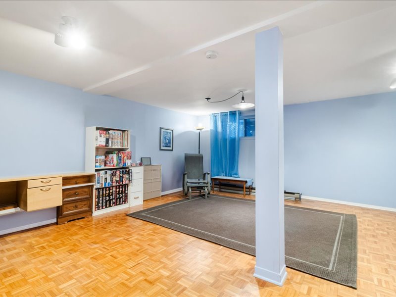 Le sous-sol entièrement aménagé offre une grande salle familiale polyvalente pouvant accueillir un bureau à domicile, une salle de jeux ou un cinéma maison. À l’extérieur, profitez d’une cour arrière intime avec terrasse aménagée ainsi que d’un stationnement simple.
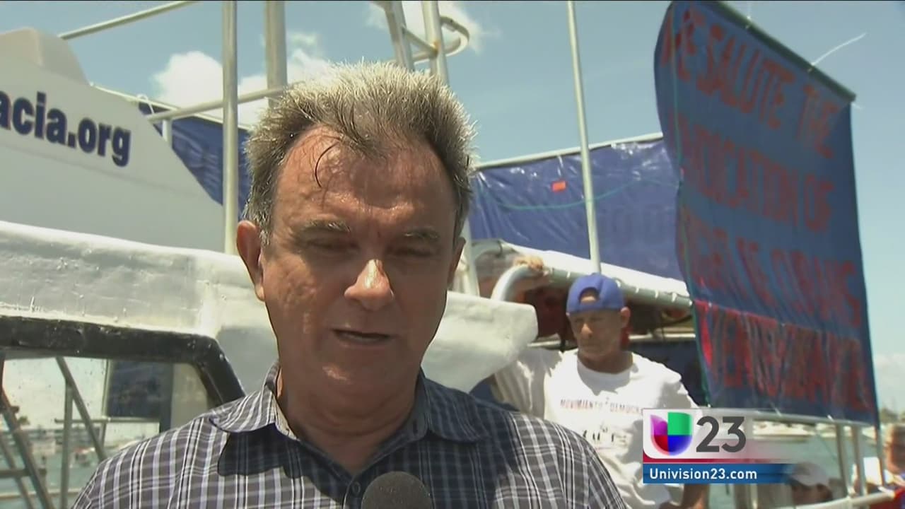Decenas de exiliados cubanos, entre ellos el activista Ramón Saúl Sánchez, celebraron la salida del crucero de Carnival.
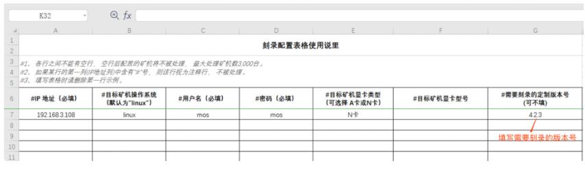 5、目标矿机显卡型号和需要刻录的定制版本号,两个只能选择填写一个,例如选择了矿机显卡型号,则系统会根据选择的显卡型号自动匹配适合当前矿机的系统版本;例如填写了定制版本号,则按定制版本号进行升降级。
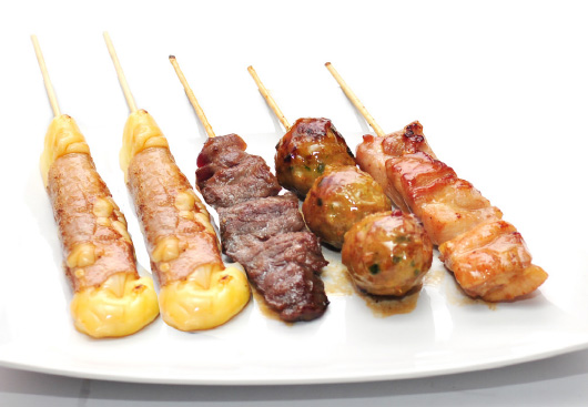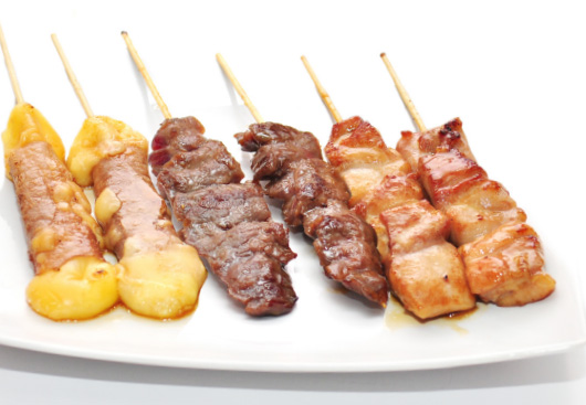 Soupe, salade, riz 7 Brochettes: 1 poulet, 1 boeuf, 2 boulette de poulet, 3 boeuf au fromage
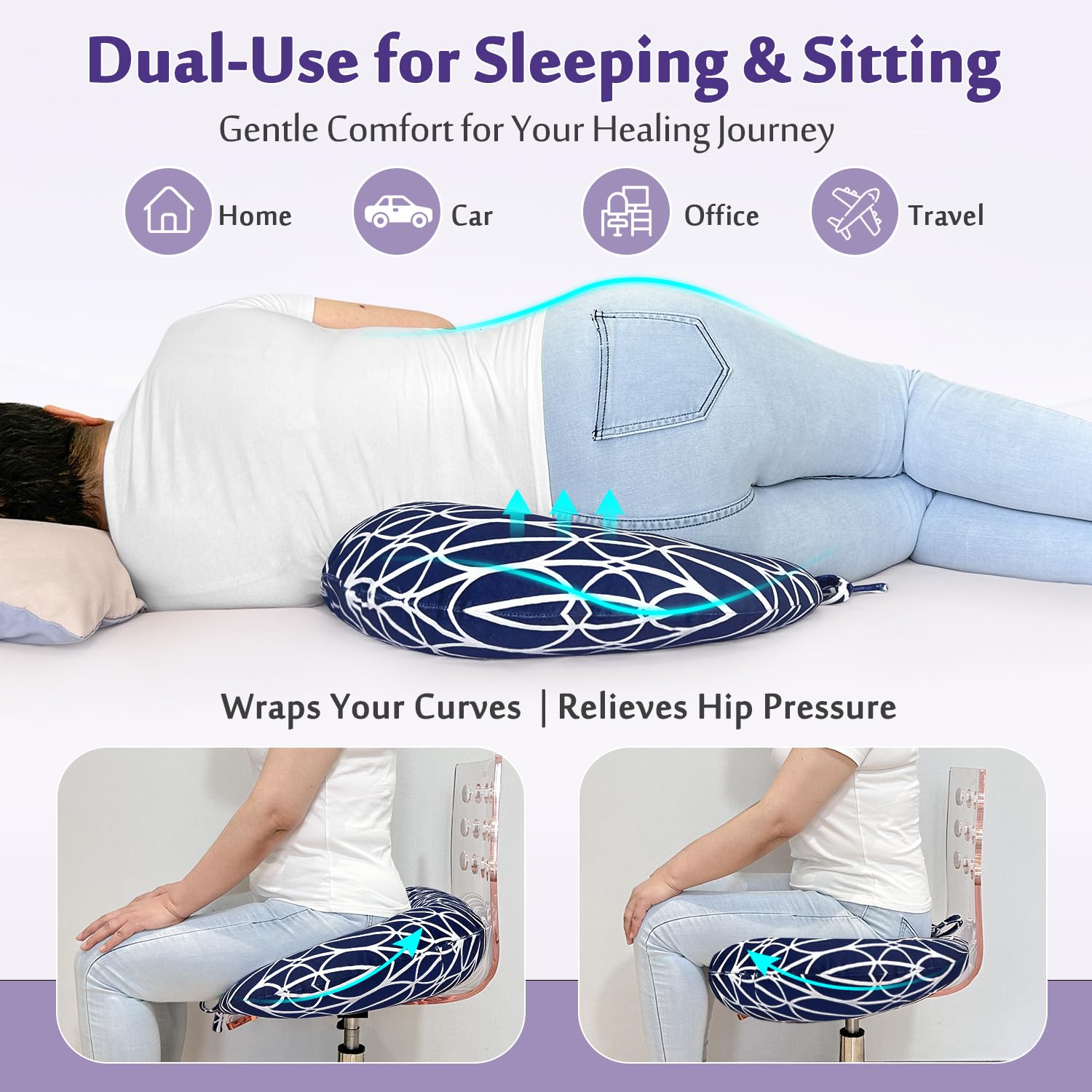 Multipurpose body pillow: The round cushion with cavity is good for postoperative recovery after Brazilian butt lift or hemorrhoid treatment; also great as a body pillow for adults suffering from hip pain, fibromyalgia, sciatica, poor posture, athletes, people in physiotherapy, or recovering from an injury.
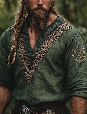 Miesten Paita Pellava paita Viikinki tyyli Popover paita Kesä paita Ranta-asut Geometrinen Loma Katu Sininen Apila Khaki Pitkähihainen V kaula-aukko Kesä Kevät Vaatetus
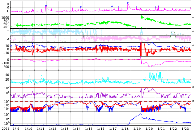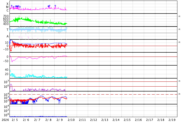 GOES衛星の太陽X線強度。赤・橙 = 0.1〜0.8 nm、青・紫 = 0.05〜0.4 nm (c) データ:NOAA/SWPC、作図:宇宙天気ニュース ![]() | ||||||||||||||||||||||||||||||||||||||||||||||||||||||||||||||||||||||||||||||||||||||||||||||||||||||||||||||||||||||||||||||||||||||||||||||||||||||||||||||||||||||||||||||||||||||||||||||||||||||||||||||||||||||||||||||||||||||||||||||||||||||||||||||||||||||||||||||||||||||
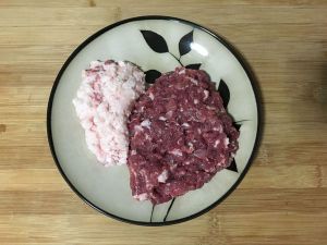 梅头肉切片剁碎,最好一半肥一半瘦,可以要前腿肉
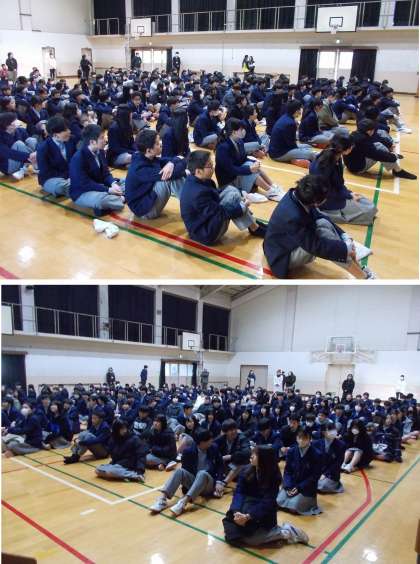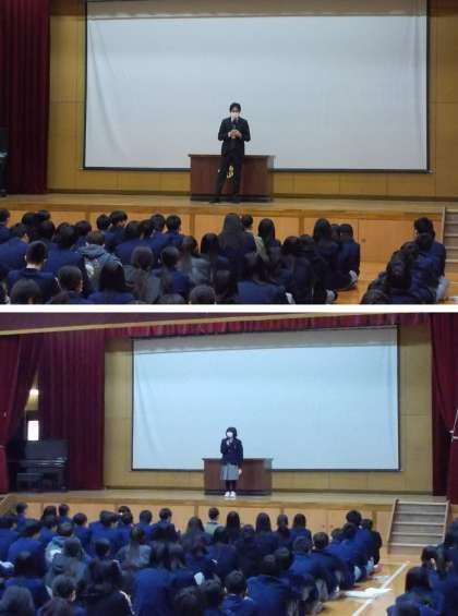 校長先生のお話は、冬休み中に起きた甚大な震災や事故についての内容から、そういう状況の中で今自分にできる事、やらねばならない事を前向きに考えて頑張りましょう。と、そして、生徒会副会長の1年1組KRさんからは今学期の取組みにの成功に向けてみんなで力を合わせて頑張りましょう..と力強いメッセージがありました。

===============

Whatever pictures the records hold, omit them; give again exactly the lines from the one containing "5、目标矿机显卡型号和需要刻" through the one containing "Multipurpose body pillow: The".

 5、目标矿机显卡型号和需要刻录的定制版本号,两个只能选择填写一个,例如选择了矿机显卡型号,则系统会根据选择的显卡型号自动匹配适合当前矿机的系统版本;例如填写了定制版本号,则按定制版本号进行升降级。
 Soupe, salade, riz 7 Brochettes: 1 poulet, 1 boeuf, 2 boulette de poulet, 3 boeuf au fromage
 Multipurpose body pillow: The round cushion with cavity is good for postoperative recovery after Brazilian butt lift or hemorrhoid treatment; also great as a body pillow for adults suffering from hip pain, fibromyalgia, sciatica, poor posture, athletes, people in physiotherapy, or recovering from an injury.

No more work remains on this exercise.